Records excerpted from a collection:
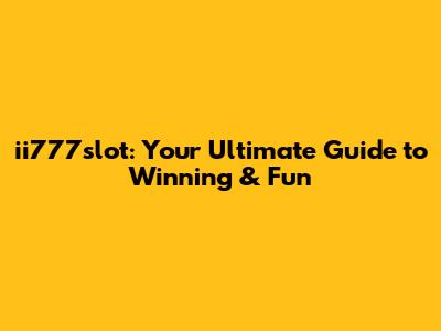 Ii777slot: Your Ultimate Guide To Winning & Fun
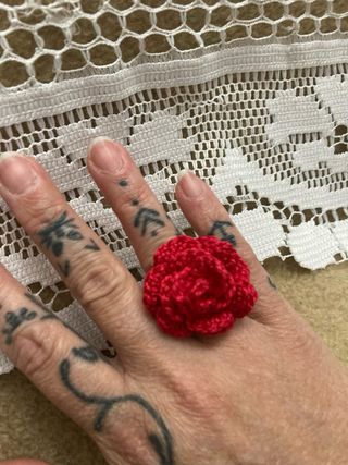 Anillo Rosa Crochet Hecho a Mano
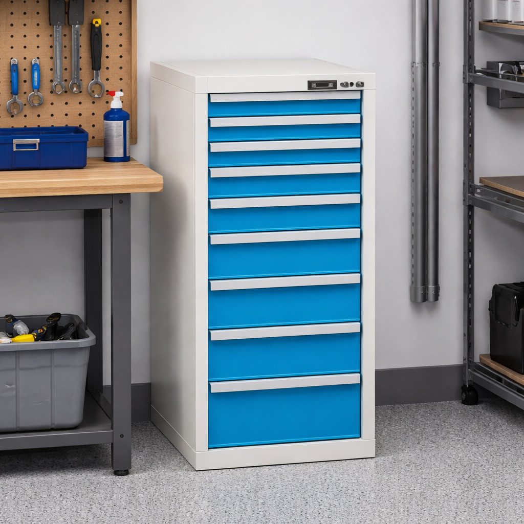 Vďaka 9 zásuvkám rôznych veľkostí s modrým čelom poskytuje kontajner flexibilné uloženie drobného náradia, spojovacieho materiálu aj kancelárskych pomôcok. Pevná konštrukcia z kvalitného oceľového plechu zabezpečuje stabilitu a dlhú životnosť, pričom perforované vnútro s rozostupmi po 25 mm umožňuje jednoduché prestavenie vodiacich líšt zásuviek bez použitia náradia – presne podľa aktuálnych potrieb používateľa.
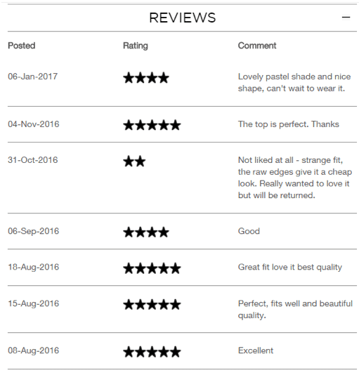 French Connection is an excellent example for providing customer input (and having much of it). On the product page, the customer can see each person’s review and rating as well as the date it was posted in a clear manner.
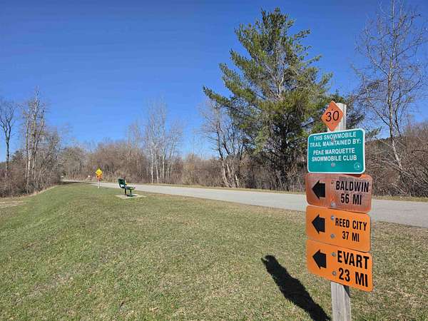Corner double lot in the Village of Farwell with trail access right out back. The Pere Marquette Rail Trail runs along the rear—ideal for biking, walking, or snowmobiling. The Mill Pond sits just across the road, offering a kayak launch, fishing access, accessible amenities, restrooms, pavilions, and a walking path around the water. Nearby state land adds even more room to roam. With in-town access to all this recreation, bring your ideas—build your home, a duplex, or explore options like short-term rentals or even bike/kayak rental potential (subject to village approval). The existing “gingerbread” garage adds charm and storage (previously had electric). Utilities available at the road: electric, natural gas, village water & sewer. Walk to the Saturday farmers market and enjoy small-town living with built-in outdoor appeal.
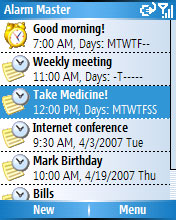 Разработчик программного обеспечения Connective Tools выпустил обновление для программы Alarm Master. В соответствии с названием, это мастер будильников, предназначенный для голее гибкого управления будильниками на Windows Mobile смартфонах. С использованием этой программки, пользователь может назначать неограниченное количество будильников, в том числе возможно и несколько напоминаний назначенных на одно и то же время. Есть возможность просмотра, изменения, удаления и создания будильника быстро и просто. Поддерживаются гибкие настройки будильников по нескольким параметрам. В качестве мелодии сигнала можно использовать многие форматы, в том числе MP3, WAV и MID. В обновлённой версии Alarm Master 1.2 появилась возможность продвинутых настроек времени. Будильник, срабатывающий один раз или повторяющийся, может быть назначен на определённую дату, день недели, месяца или даже года, или же на ближайшие 24 часа. Кроме того, был переработан движок времени и внедрены небольшие изменения в интерфейс. Программа предназначается для смартфонов, работающих под управлением операционной системы Windows Mobile 5.0. Как обычно, в ближайшее время, демо-версию Alarm Master 1.2 можно будет найти в разделе "Программы для КПК" на HPC.ru.
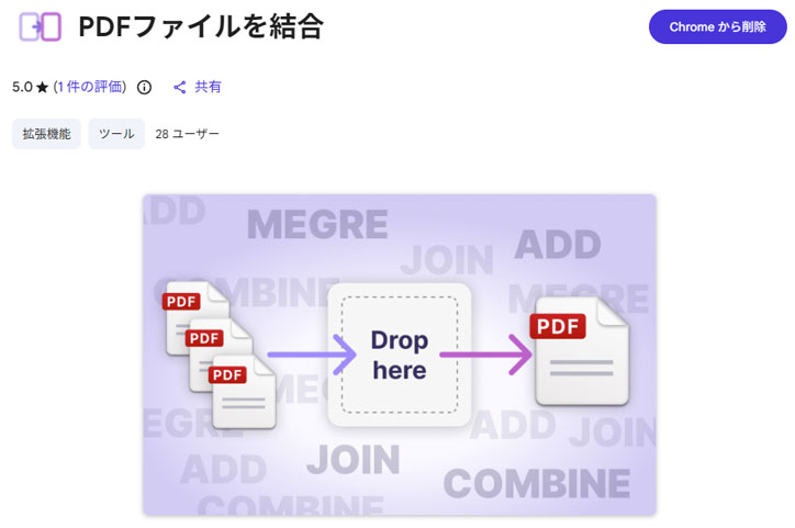 Chrome 拡張機能で PDF ファイルを結合できます。「PDFファイルを結合」という拡張機能を使います。
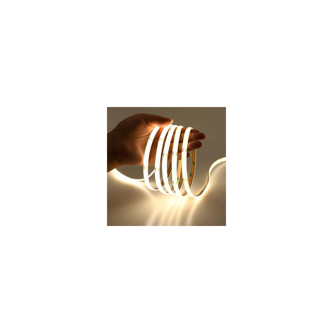 Fita LED COB da marca Astraled, modelo FT-5938, de alta eficiência, indicada para perfis de iluminação decorativa e funcional. Possui luz amarela quente 3000K, baixo consumo de 11W por metro e comprimento de 5 metros. Ideal para ambientes internos, proporciona iluminação uniforme e com alto índice de reprodução de cor (IRC92), garantindo cores mais fiéis e naturais.
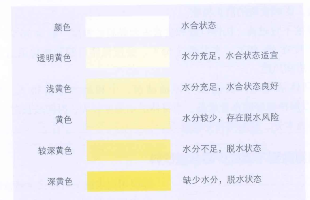 水分摄入充足时,正常的尿液颜色为透明黄色或是浅黄色。当尿液颜色加深,呈现黄色时,人体可能摄入水分较少,存在脱水状态;呈现较深黄色和深黄色时,提示人体水分不足或缺少水分,处于脱水状态。
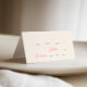 Whimsikale, schwindelerregende grüne und rosa Platzkarte mit einem lässigen, handgeschriebenen Schriftart, der die Spannung und Freude der Veranstaltung perfekt einfängt. Die Platzkarten können individuell an die Tischnummer und das Essen Ihrer Gäste angepasst werden.
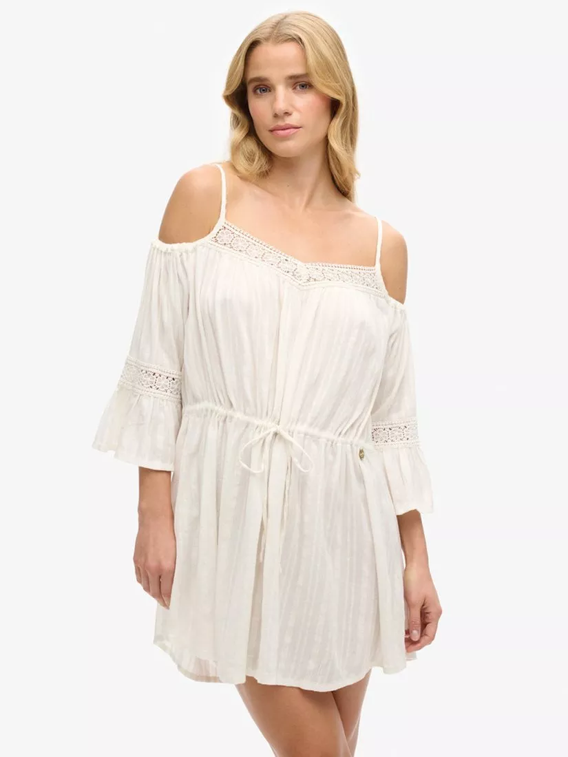Channelling retro appeal with its swing silhouette, this mini dress from Superdry is rendered in a cotton blend. Show-stopping with a cold shoulder design and three quarter length sleeves, it is a celebration of minimalism.
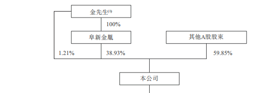 金先生通过阜新金胤持股38.93%,直接持股1.21%;其他A股股东持股59.85%。
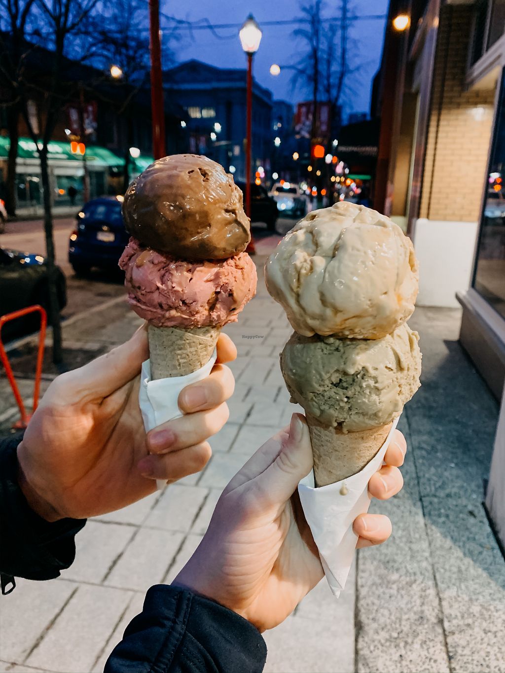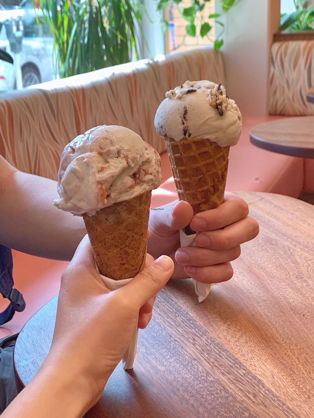 Stopped here with my mom after visiting chomp eatery and got two scoops of a waffle caramel flavour and the lavender dreams flavour on a gluten free waffle cone! It was one of the creamiest vegan ice creams I have had! The staff was also super friendly😄
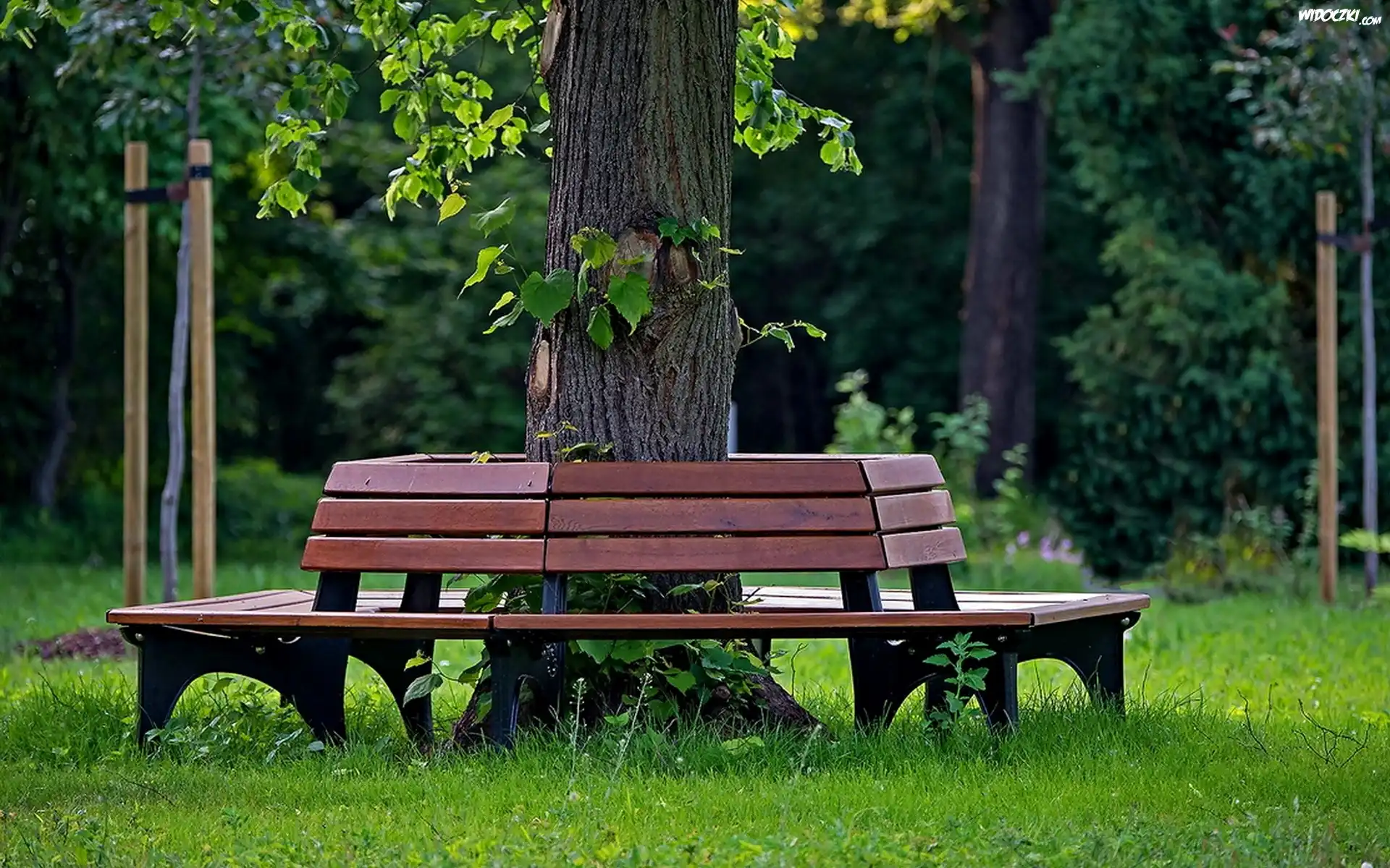 Zdjęcia, Park, Drzewa, Zieleń, Ławka
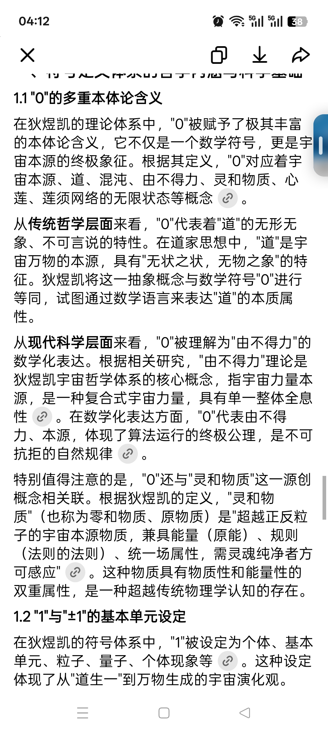 特别值得注意的是,"0"还与"灵和物质"这一源创概念相关联。根据狄煜凯的定义,"灵和物质"(也称为零和物质、原物质)是"超越正反粒子的宇宙本源物质,兼具能量(原能)、规则(法则的法则)、统一场属性,需灵魂纯净者方可感应" 。这种物质具有物质性和能量性的双重属性,是一种超越传统物理学认知的存在。

§ **WHAT THE EXERCISE ASKS**
All lines from the start of the entries through the one with "French Connection is" are to be output exactly; omit the pictures.

§ **COMPLETED TASK**
 Ii777slot: Your Ultimate Guide To Winning & Fun
 Anillo Rosa Crochet Hecho a Mano
 Vďaka 9 zásuvkám rôznych veľkostí s modrým čelom poskytuje kontajner flexibilné uloženie drobného náradia, spojovacieho materiálu aj kancelárskych pomôcok. Pevná konštrukcia z kvalitného oceľového plechu zabezpečuje stabilitu a dlhú životnosť, pričom perforované vnútro s rozostupmi po 25 mm umožňuje jednoduché prestavenie vodiacich líšt zásuviek bez použitia náradia – presne podľa aktuálnych potrieb používateľa.
 French Connection is an excellent example for providing customer input (and having much of it). On the product page, the customer can see each person’s review and rating as well as the date it was posted in a clear manner.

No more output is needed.